My eight-year old son, John, has the Gift of Gab. He comes by it honestly. Sometime before the great potato famine, one of my wife's ancestors kissed the Blarney Stone. The Gift has been passed down through the generations. blarneystoneWhen I asked for Eileen's hand, her father told me, in all seriousness, that she was one of the quiet ones. This was to distinguish her from several of her seven sisters who have the Gift in spades. Family reunions are remarkable exhibitions of the family's talent. With my taciturn Down East heritage, I marvel.

My son's blossoming verbal abilities surprised me. The Gift must have the ability to skip generations. Ask John about the video he watched last week and you get a happy half-hour monologue complete with sub-plots. Ask him about a recent family trip; he gives you a minute-by-minute account. I have to cut short our mandatory collect telephone calls from prison to avoid breaking the family budget.

John strikes up conversations with complete strangers. At the prison Christmas party, I escorted him to the bench full of visitors waiting to use the restroom. A dozen people sat in silence. What do you say? "So, what's your son/father/husband in for?" John was unfazed. Within thirty seconds, he was conversing with the elderly woman sitting beside him. He happily chatted away the ten-minute wait. She nodded and smiled. From my vantage point, it looked as if he was describing a kata he learned in karate class.

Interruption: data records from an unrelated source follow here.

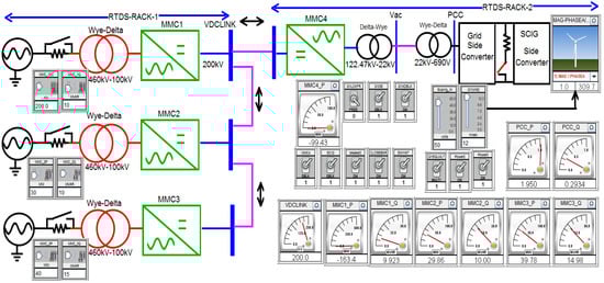 RTDS is a high computing device and works as real time simulator which facilitates the interaction with the physical hardware. It uses only fixed step discrete solver, whereas non-real time variable step solver and continuous model could be used in MATLAB Simulink. The sample time for power electronics switch is 2.3 µs and for controller is 50 µs. We have used a multirack RTDS platform to simulate such a large system considering detailed MMC model in real time. PB5 and Nova core form the multirack RTDS hardware platform. MMC1, MMC2, and MMC3 are placed in one rack, and MMC4 with wind farm are placed in another rack.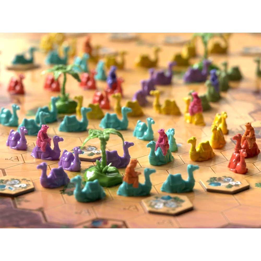 One of the unique features of Through the Desert is the modular board, which changes with each game, offering endless replayability. This variability keeps players engaged and coming back for more, as they explore new strategies and adapt to different board layouts.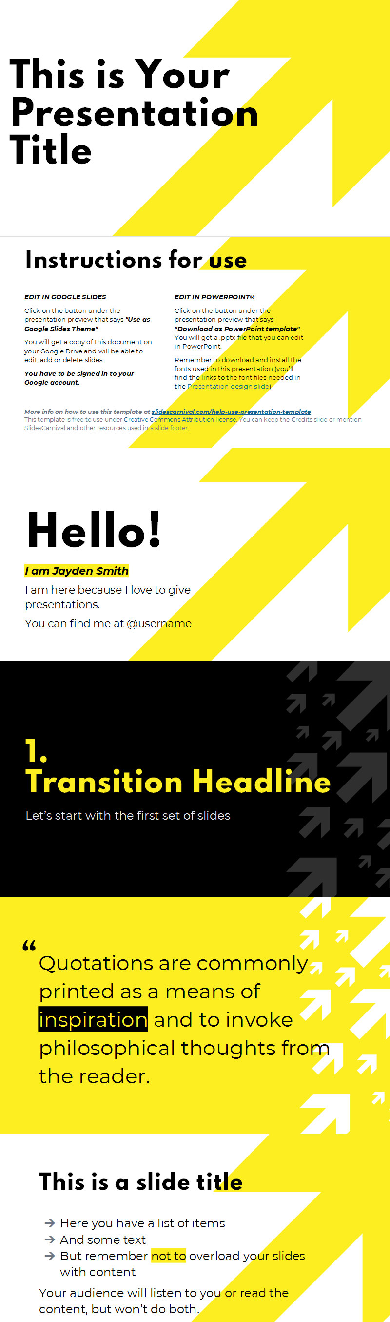 充满活力的黄色箭头上的粗体文本在此模板中组合在一起,形成狂热的现代外观。已经设置好几张幻灯片和布局后,您只需放置内容即可在几分钟内准备好引人注目的演示文稿。
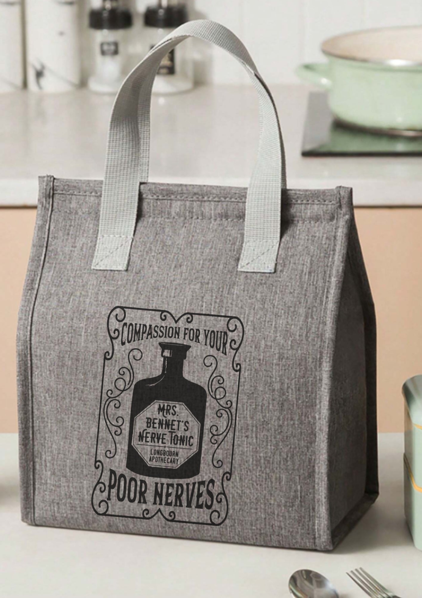 Enjoy your lunch in literary style with our insulated lunch bag, designed for book lovers who appreciate both functionality and charm. Crafted from durable grey nylon (100% polyester), this lightweight yet sturdy bag keeps your meals fresh while adding a touch of bookish flair with its beautifully sublimated print.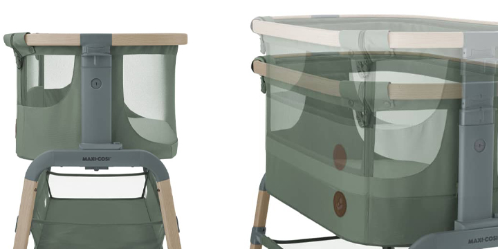 Łóżeczko dostawne Maxi Cosi Iora Air daje możliwość łatwego dopasowania do łóżka rodziców. Dzięki 5-stopniowej zmianie wysokości łóżeczka, różnice pomiędzy poszczególnymi modelami łóżek nie będą stanowić problemu. Kolejnym atutem jest fakt, że w łóżeczku można zmienić kąt nachylenia materaca - jest to niezwykle pomocne w czasie infekcji górnych dróg oddechowych.

Prison is a challenge for even the most gifted families. My sister recently told me about an incident when she saw the Gift fail my boy. When my wife and I realized that I was coming to prison, we sold our home. We needed cheaper housing for the family and a change of location seemed in order. Former friends don't know what to say to the wife of someone in prison for a sexual offense. We moved the family across the state to be near my sister and brother-in-law and their kids. It's been a good thing. My brother-in-law does the handyman projects that I can no longer do. My wife can talk about me to my sister, Deborah, without feeling shamed.

Our families attend the same church. Deborah sometimes teaches John's Sunday school class. She ends the class by asking if any of the children have prayer requests. John usually asks for prayer for his Dad.

"John, where is your Daddy?" an inquisitive seven-year-old girl asked one day. There was a long silence. John looked panicky. Tears welled-up in his eyes. My sister came to his rescue.

"John, your Dad lives in Concord. Doesn't he?" 

John nodded. 

"Doesn't he ever come home?" the little questioner continued.

John remained speechless.

"John visits his Dad often," Deborah replied. "Alright, does anyone else have any prayer requests?"

I guess she could have told them that John's Dad is in prison. But, then the inevitable "What for?" follows. How do you explain sexual assault to a grade-schooler in three minutes or less? And what are they going to tell their family when they get home?

"Honey, what did you learn about in your Sunday school class today?"

John doesn't fully understand why I'm in prison. I know I will have to tell him the unpleasant details someday. Short of taking my picture off the refrigerator and never mentioning me in public, my family will continue to get asked hard questions. It's something they will have to live with as long as I'm in here. I doubt the answers will get any easier, even for someone with the Gift.